Thermal Strain-Based Simplified Prediction of Thermal Deformation Caused by Flame Bending

• Main Authors: Se-Yun Hwang, Kyoung-Geun Park, Jeeyeon Heo, Jang-Hyun Lee
• Format: Article
• Language: English
• Published: MDPI AG 2021-02-01
• Series: Applied Sciences
• Subjects: plate deformation; heat-affected zone (HAZ); strain as direct boundary (SDB); line heating; flame bending
• Online Access: https://www.mdpi.com/2076-3417/11/5/2011

This paper describes a quick and accurate method for predicting thermal deformation due to flame bending of the curved plate located before and after the hull. Flame bending is a common method to deform the curved plate used in shipyards.
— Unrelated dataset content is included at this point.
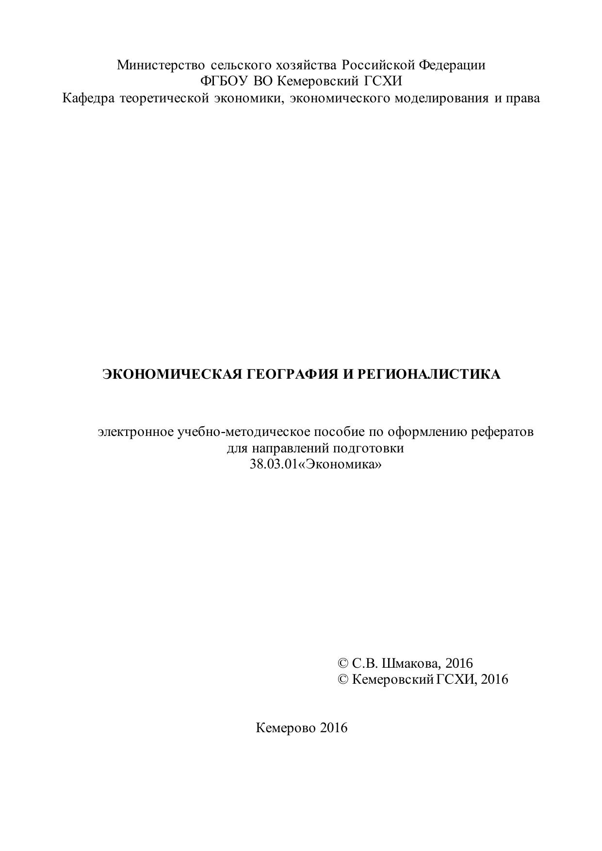 Экономическая география и регионалистика: электронное учебно-методическое пособие по оформлению рефератов для направления подготовки 38.03.01 «Экономика»

Three-dimensional thermo-elasto-plastic analysis is known as the most accurate method for predicting deformed shape in the automation of frame bending. However, the three-dimensional analysis takes a lot of computational time. The quick prediction method, strain as direct boundary (SDB), was introduced, which is a simplified prediction method based on thermal strain. This simplified method implements an equivalent load as a temperature difference that can simulate thermal deformation by flame. In the case of multiple heating lines by the flame bending, the residual strain generated by the first heating line affects the other lines. To consider the effect of residual strain, the plastic material properties are also considered. Then, the distance ratio from the center line is used to generate the same temperature field in grid mesh. The results of the prediction were evaluated for the heat affected zone (HAZ) of the specimen obtained through the flame bending experiment. Therefore, this paper introduced detail procedure of the proposed SDB method and the experimental results for the practical application.